What is required
Please repeat word for word the line containing "Semi-sheer open knit" and every following line up to and including the last one below, pictures excluded.

(Recorded data begins)

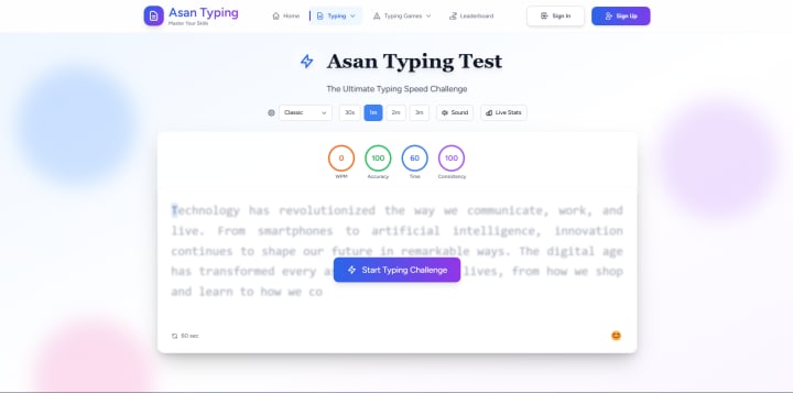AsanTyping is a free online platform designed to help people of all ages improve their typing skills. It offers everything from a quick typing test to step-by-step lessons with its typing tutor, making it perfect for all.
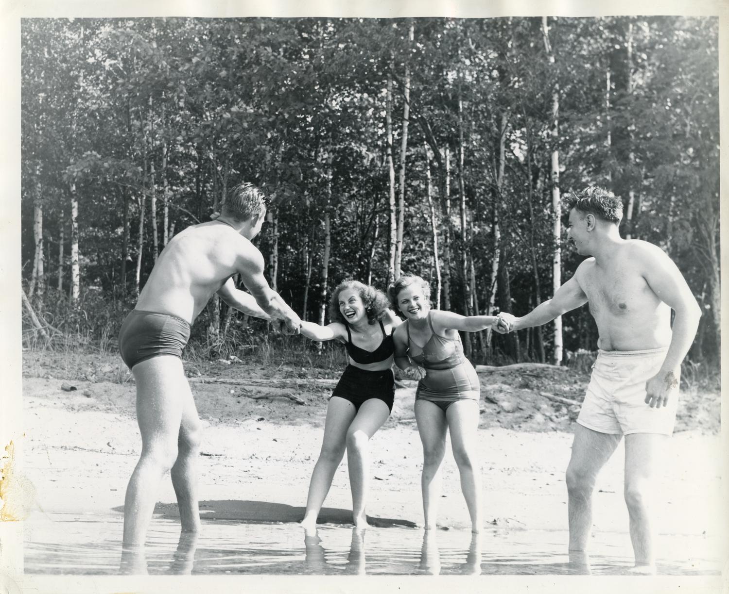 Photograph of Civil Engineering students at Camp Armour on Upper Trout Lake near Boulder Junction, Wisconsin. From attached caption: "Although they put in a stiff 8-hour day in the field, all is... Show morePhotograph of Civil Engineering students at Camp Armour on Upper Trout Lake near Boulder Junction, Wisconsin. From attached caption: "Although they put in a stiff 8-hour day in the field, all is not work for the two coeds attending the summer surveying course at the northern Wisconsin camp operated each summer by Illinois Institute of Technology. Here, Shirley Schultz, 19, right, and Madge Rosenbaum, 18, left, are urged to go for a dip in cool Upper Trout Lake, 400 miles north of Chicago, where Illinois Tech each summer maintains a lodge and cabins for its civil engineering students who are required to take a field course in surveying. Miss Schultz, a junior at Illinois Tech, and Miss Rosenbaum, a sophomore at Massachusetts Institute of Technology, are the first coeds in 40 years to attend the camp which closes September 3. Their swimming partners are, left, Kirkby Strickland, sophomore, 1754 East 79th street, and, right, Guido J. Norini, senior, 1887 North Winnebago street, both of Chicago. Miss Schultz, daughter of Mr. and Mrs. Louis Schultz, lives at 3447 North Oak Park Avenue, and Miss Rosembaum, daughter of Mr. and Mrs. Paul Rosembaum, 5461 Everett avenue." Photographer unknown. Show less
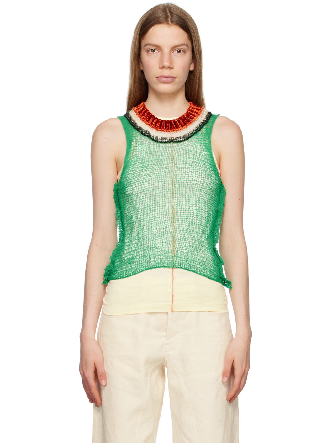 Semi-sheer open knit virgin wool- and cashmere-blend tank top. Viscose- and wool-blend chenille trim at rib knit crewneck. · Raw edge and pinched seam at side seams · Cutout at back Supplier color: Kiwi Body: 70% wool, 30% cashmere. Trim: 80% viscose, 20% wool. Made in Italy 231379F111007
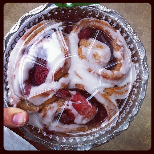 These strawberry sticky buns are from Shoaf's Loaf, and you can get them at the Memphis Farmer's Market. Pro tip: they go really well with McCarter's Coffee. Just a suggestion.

(Recorded data ends)

Answer box
 Semi-sheer open knit virgin wool- and cashmere-blend tank top. Viscose- and wool-blend chenille trim at rib knit crewneck. · Raw edge and pinched seam at side seams · Cutout at back Supplier color: Kiwi Body: 70% wool, 30% cashmere. Trim: 80% viscose, 20% wool. Made in Italy 231379F111007
 These strawberry sticky buns are from Shoaf's Loaf, and you can get them at the Memphis Farmer's Market. Pro tip: they go really well with McCarter's Coffee. Just a suggestion.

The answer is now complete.